I also think that a refactoring of the DM concepts (without fundamentally 
changing the underlying intended semantics) could help to eliminate a lot of 
repetitive text.  These comments relate to the recent "domain of discourse" 
vote, but I'm coming at this from a more holistic perspective.

It seems to me that the domain of discourse contains the following concepts:
   Entity
   Activity
   Agent
   Event
   Plan
   Account
in that these are the various things about which the provenance language aims to 
make assertions, and that all of these could be considered types of Entity (with 
the possible exception of Event).  I think we've already established that most 
if not all of these are kinds of entity.

If the descriptions were refactored around such a structure, I believe much of 
the repetitive description of attributes could be focused in one place.  I would 
be inclined to separate attributes from the other type declarations, so we'd end 
up with primitive ASM expressions like these:

   Entity(id)
   Activity(id, start?, end?)
   Agent(id)
   Plan(id)
   Event(Id, time?)
   Account(id)
   Attributes(id, [attr1=val1, attr2=val2, ...])

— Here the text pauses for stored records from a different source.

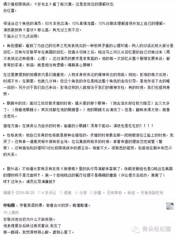 在评论中有不少人提到了孙红雷的演技,就在上周由孙红雷主演的电视剧《好先生》完美结局,各种不同的声音也络绎不绝。有的人说孙红雷的演技可圈可点,有的人说这不就是电视剧版的孙漂亮,更有人感叹还我“余则成”。
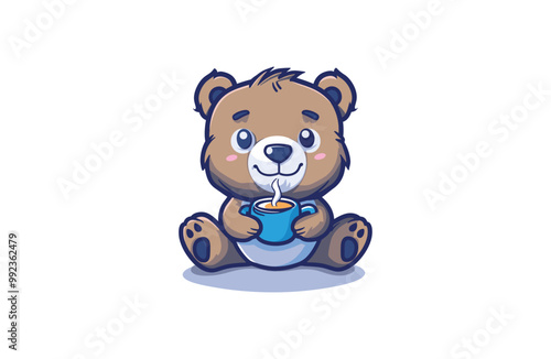 © Rezz, Obraz premium Bear coffee logo vector icon illustration style
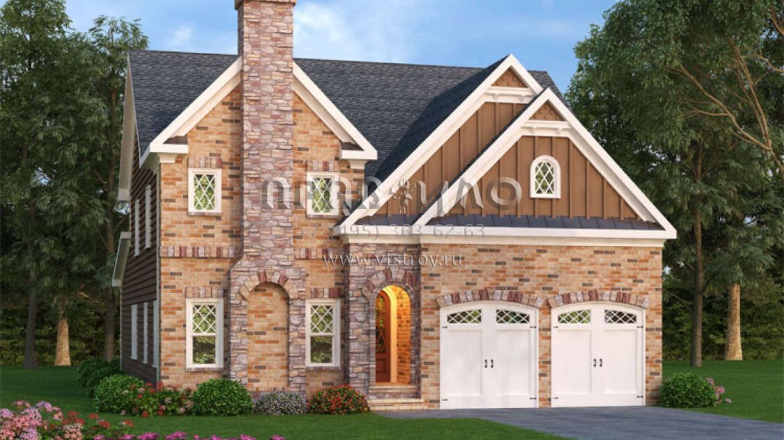 Проект двухэтажного дома с гаражом на две машины в английском стиле S5-287 (009-00239)
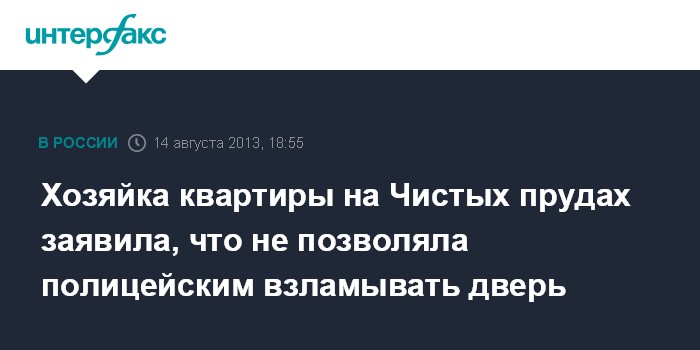 Москва. 14 августа. INTERFAX.RU - Хозяйка квартиры на Чистопрудном бульваре, где накануне были обнаружены агитационные материалы в поддержку кандидата в мэры столицы Алексея Навального, давала разрешение на осмотр жилища, но не просила взламывать дверь.

Where the Attributes expression could be applied to any of the preceding 
concepts, and the description of attributes would consequently be needed only 
once.  The main objection I see to this is that it would mean that, say, the ASN 
expression:

   Entity(id, [attr1=val1, attr2=val2, ...])

would be replaced by two expressions:

   Entity(id)
   Attributes(id, [attr1=val1, attr2=val2, ...])

I would counter this by having the ASN (but not the underlying model) allow the 
first form as a syntactic sugar for the second.

...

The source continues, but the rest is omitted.